Macro-News round-up:
#MarketNews
After last week’s close, we saw a dollar weakening again despite the strong bullish behaviour of the previous days. Of course, all other assets adapted accordingly to this movement. Demand for bonds, for example, increased again, assuming a decline in long-term interest rates. Longer-dated US Treasury yields decreased. 10Y UST rates dropped to 4.248%, down 7.3bp. Only 2.2bps was lost by 2Y yields. The EURUSD held steady at just above 1.08.
The euro also recovered against the dollar and ended the week at levels over 1.08 EURUSD.
The stock markets seem to have regained their bullish tone after the scare of the US inflation rebound that triggered the sell-off. calm is returning to the markets, at least for the time being.
The SP500 is back above 5,000 points on a bullish course, the Nasdaq100 is approaching 18,000 points and the Dax40 in Europe is already above 17,400 points.
On Friday we shared on our ATFX Connect social networks the comments made in the morning by various European Central Bank officials. In them, the prevailing stance was to hold back on interest rate cuts and wait patiently for the right time to do so. Nagel: “ECB must stay the course to beat inflation”. “I see no circumstances for the ECB to cut before the Fed” said Holzmann.
We also recall at the end of the week, unemployment claims released by the US on Thursday, continued to fall. The data continues to show a strong US labour market that does not justify an immediate rate cut, and this is the main internal debate that the Fed has. If the unemployment rate does not increase, wages will not adjust downwards, and core inflation via services will not be reduced either. They need a weak labour market to be sure that the rate cut will not create inflationary problems.
Geopolitics: two interesting news items of note over the weekend. The first is the Secretary General’s statement recognising Ukraine’s right to use Western-supplied F-16s to attack targets beyond its borders, i.e. Russian territory. This could lead to a significant escalation in the conflict, as one of Ukraine’s strategic problems is who will fly these F-16s. There is a possibility that they will be Western NATO pilots, and in such a case, if Russia responds to this attack, NATO aircraft with NATO pilots attacking Russia would be shot down.

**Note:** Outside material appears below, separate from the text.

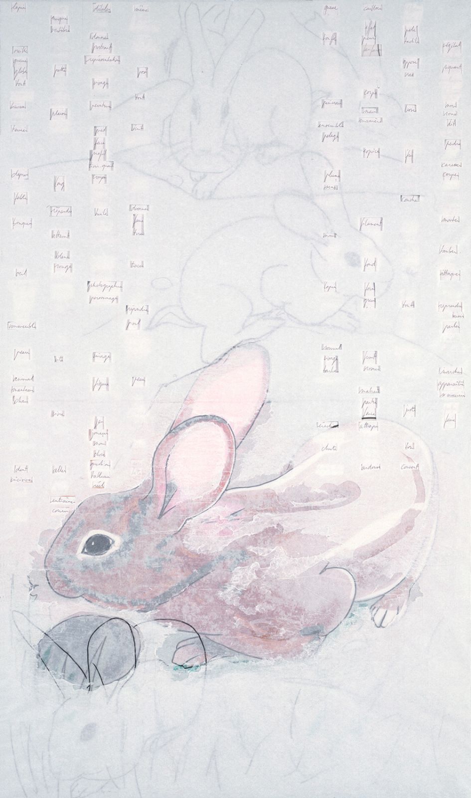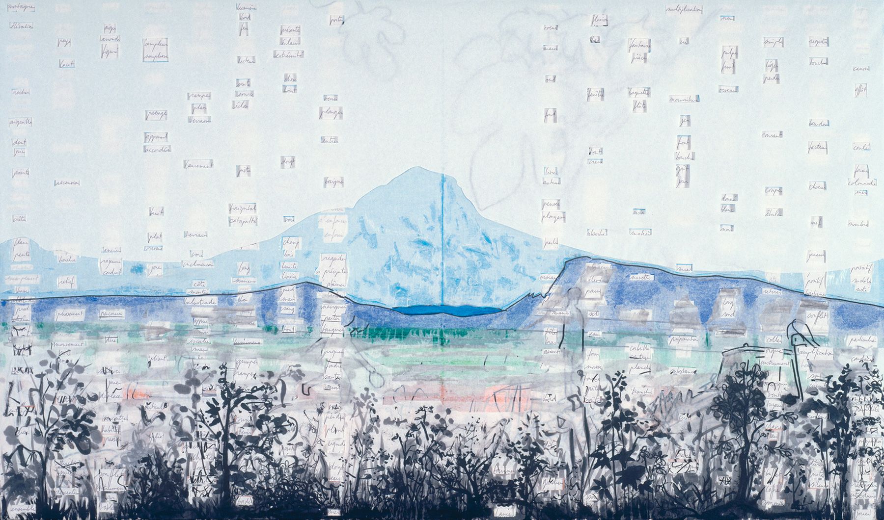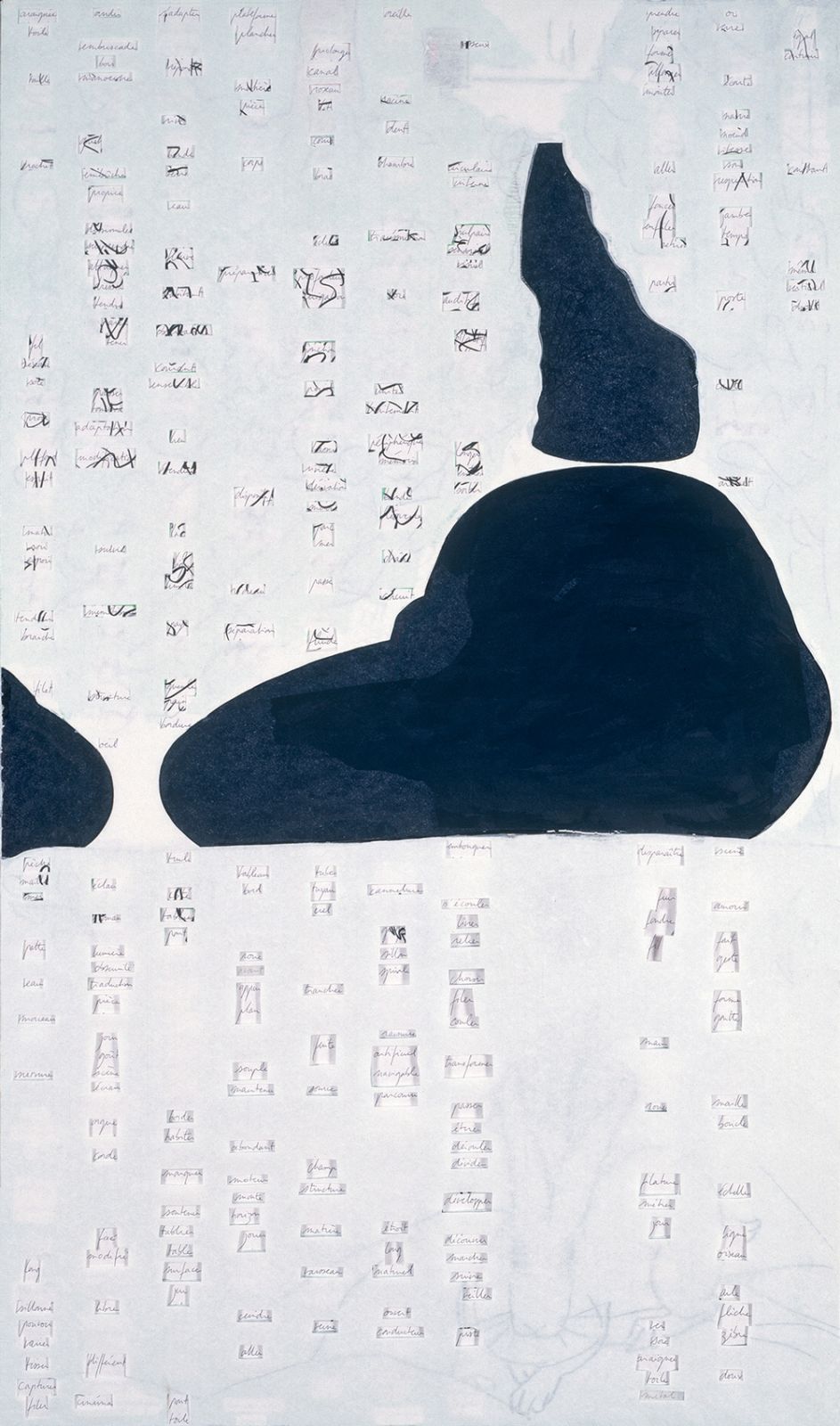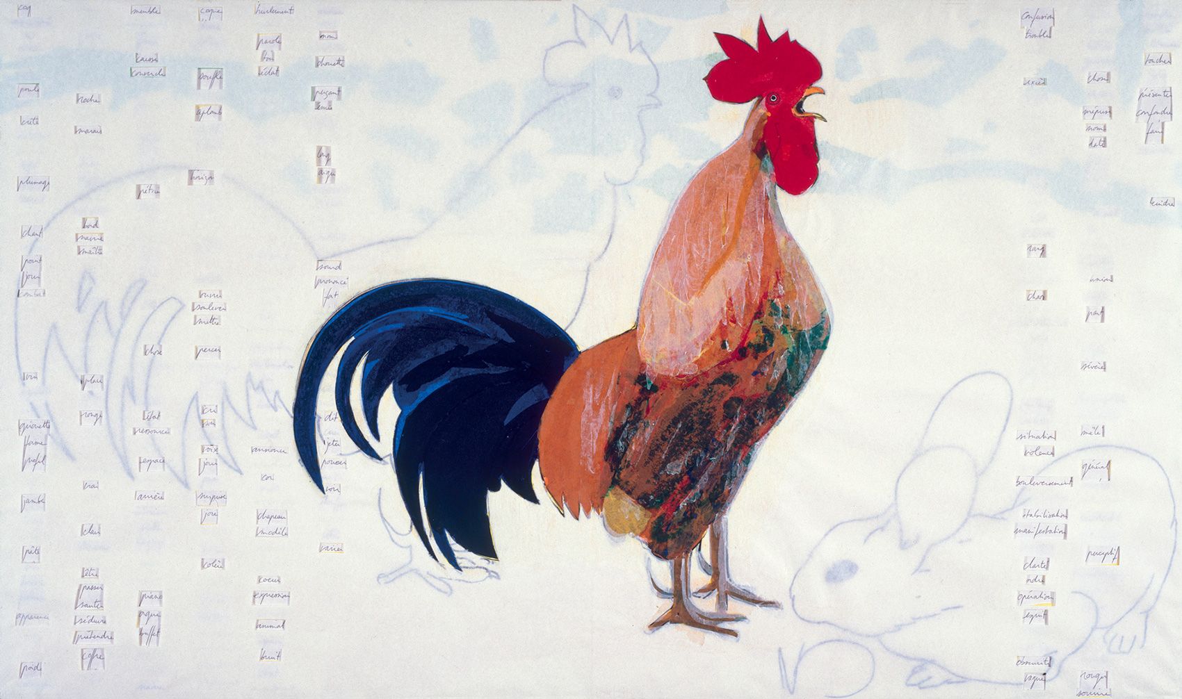 Dix panneaux 119 x 70 cm assemblés en sept groupes, contreplaqué 10 mm, papier, papier de soie coloré, feutre

France’s finance minister, Bruno Le Maire, the brilliant strategist who predicted he would “cause the collapse of the Russian economy,” says that in order to finance the future, Europe must “mobilise all the savings of Europeans” that “lie dormant in European bank accounts.”
He is suggesting the mobilisation of citizens’ private savings to finance causes such as climate change or artificial intelligence. The point is, instead of doing so through private investment, he seems to be suggesting a seizure of citizens’ assets. For these reasons, there has been a lot of criticism of his words from the financial sector. Perhaps a clue to what the European Union will be like once it has access to citizens’ savings via CBDC?